Secondly, fuck OTF as a staff, a record label and as a motherfucking crew. Fuck everyone's who down with them.

And most importantly- fuck Lil Durk. He can't stand his annoying, golden voiced ass. That blond nimrod with a backstory you can't help but root for. Who fucking almost blew everything he worked so hard for and almost took Von down with him but once again triumphed against all odds; cause that's just want he does. He's an adorable, lovable fuck up. The kind of guy.. the kind of guy that just..

Kentrell blows out the smoke swirling around in his mouth. "All I gonna say.. Durk betta be ridin' on his best muthafuckin' behavior.
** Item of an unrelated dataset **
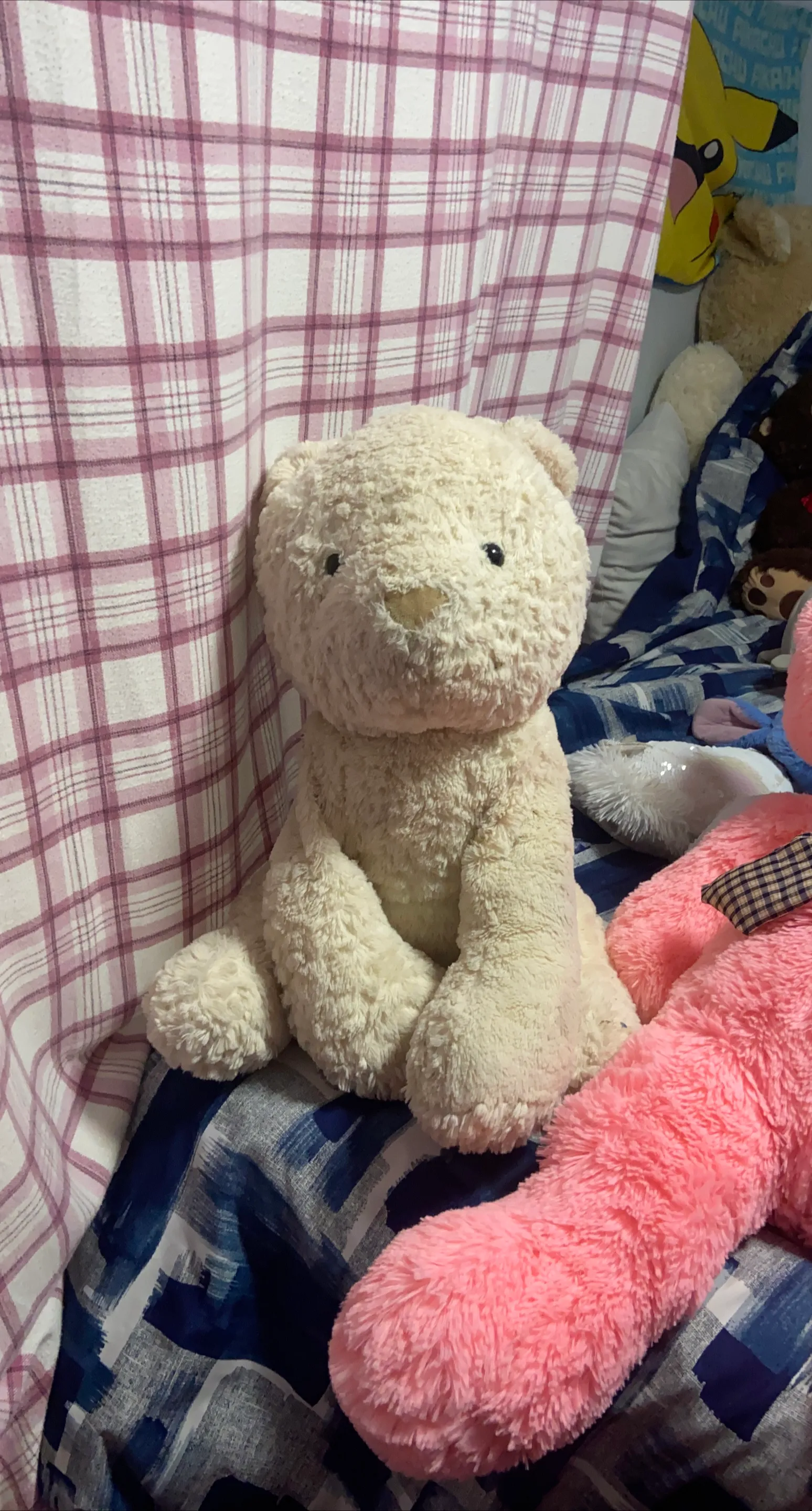 A cuddly cream-coloured plush teddy bear, perfect for snuggling up with! It's in great condition and ready for a new home. A lovely addition to any collection of plushies jumbo bunny has a couple of stains but other than that pretty good condition

On slime. Ian gon hesitate on shit. If he pop off.. I'd fuckin' kill that nigga right in front of Europe.. or South America. Whatevea dat rejected Bratz bitch's name is!"

Tyquian blinks, the sharp bitter hiss breaks the spell and again he can walk again. He rubs his head. Kentrell is a walking paradox. He's as such as a self contradiction as Tupac himself. And that's.. that's saying a whole damn lot. "But ain't you just say-"

Turning quickly on his heels, eyes narrowing into dangerous slits that Tyquian cringes and hides from. He knows what that looks mean.

It means while he's looking at Kentrell, it's questionable whether or not Kentrell is the one looking back at him.

Nervously, he flicks his tongue over his lips. "N-never mind, cuh. Ma bad, Top."

To this, Kentrell just smirks. "Say, how's am I dressed? Is da fit checkin'?"

Tyquian blinks. First his eyes land on the sub dermal implant on Kentrell's cheekbone. Then to the hundreds of thousands draped around his neck. And the giant rings on his fingers and the bracelets and watches around his wrists. His drip is flawless, as usual. On his feet, white AirForces, standard. Flashy but not too flashy. Black skinny jeans. Black shirt. Some highly expensive and very flashy designer blue jean jacket he had custom made for this event. His brand was graffitied on the back in big green bubble letters. A slime green flag was tucked in his back pocket. Another tied around his hairline. His thin dreads flopping over it.